[Provided entries Boundary: Start]
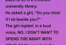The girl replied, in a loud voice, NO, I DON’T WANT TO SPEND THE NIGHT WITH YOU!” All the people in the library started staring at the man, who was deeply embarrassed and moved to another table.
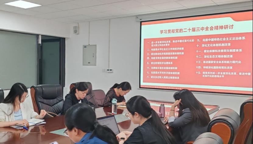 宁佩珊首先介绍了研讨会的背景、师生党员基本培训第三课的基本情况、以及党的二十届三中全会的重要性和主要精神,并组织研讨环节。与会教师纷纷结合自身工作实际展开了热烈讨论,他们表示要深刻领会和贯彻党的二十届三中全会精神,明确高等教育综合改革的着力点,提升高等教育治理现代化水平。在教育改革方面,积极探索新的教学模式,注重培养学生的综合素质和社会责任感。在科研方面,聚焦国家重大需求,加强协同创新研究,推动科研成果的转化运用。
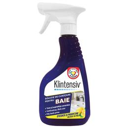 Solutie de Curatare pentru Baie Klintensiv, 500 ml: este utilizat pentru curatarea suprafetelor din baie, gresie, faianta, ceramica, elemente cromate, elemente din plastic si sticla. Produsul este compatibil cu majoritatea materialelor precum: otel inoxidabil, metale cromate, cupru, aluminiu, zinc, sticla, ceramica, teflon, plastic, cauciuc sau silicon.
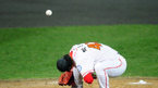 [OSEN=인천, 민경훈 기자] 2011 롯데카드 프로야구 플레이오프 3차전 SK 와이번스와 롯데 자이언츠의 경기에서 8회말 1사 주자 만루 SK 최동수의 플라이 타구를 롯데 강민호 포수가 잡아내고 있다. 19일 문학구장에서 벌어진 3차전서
[Provided entries Boundary: End]
[Provided entries Boundary: Start]
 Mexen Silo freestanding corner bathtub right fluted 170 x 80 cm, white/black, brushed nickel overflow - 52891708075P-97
[Provided entries Boundary: End]
Your objective: Pictures are to be left out. Write out only the lines above starting at the one with "The girl replied, in" and ending at the one with "[OSEN=인천, 민경훈 기자]", both lines included, exactly.

Output of the exercise:
The girl replied, in a loud voice, NO, I DON’T WANT TO SPEND THE NIGHT WITH YOU!” All the people in the library started staring at the man, who was deeply embarrassed and moved to another table.
 宁佩珊首先介绍了研讨会的背景、师生党员基本培训第三课的基本情况、以及党的二十届三中全会的重要性和主要精神,并组织研讨环节。与会教师纷纷结合自身工作实际展开了热烈讨论,他们表示要深刻领会和贯彻党的二十届三中全会精神,明确高等教育综合改革的着力点,提升高等教育治理现代化水平。在教育改革方面,积极探索新的教学模式,注重培养学生的综合素质和社会责任感。在科研方面,聚焦国家重大需求,加强协同创新研究,推动科研成果的转化运用。
 Solutie de Curatare pentru Baie Klintensiv, 500 ml: este utilizat pentru curatarea suprafetelor din baie, gresie, faianta, ceramica, elemente cromate, elemente din plastic si sticla. Produsul este compatibil cu majoritatea materialelor precum: otel inoxidabil, metale cromate, cupru, aluminiu, zinc, sticla, ceramica, teflon, plastic, cauciuc sau silicon.
 [OSEN=인천, 민경훈 기자] 2011 롯데카드 프로야구 플레이오프 3차전 SK 와이번스와 롯데 자이언츠의 경기에서 8회말 1사 주자 만루 SK 최동수의 플라이 타구를 롯데 강민호 포수가 잡아내고 있다. 19일 문학구장에서 벌어진 3차전서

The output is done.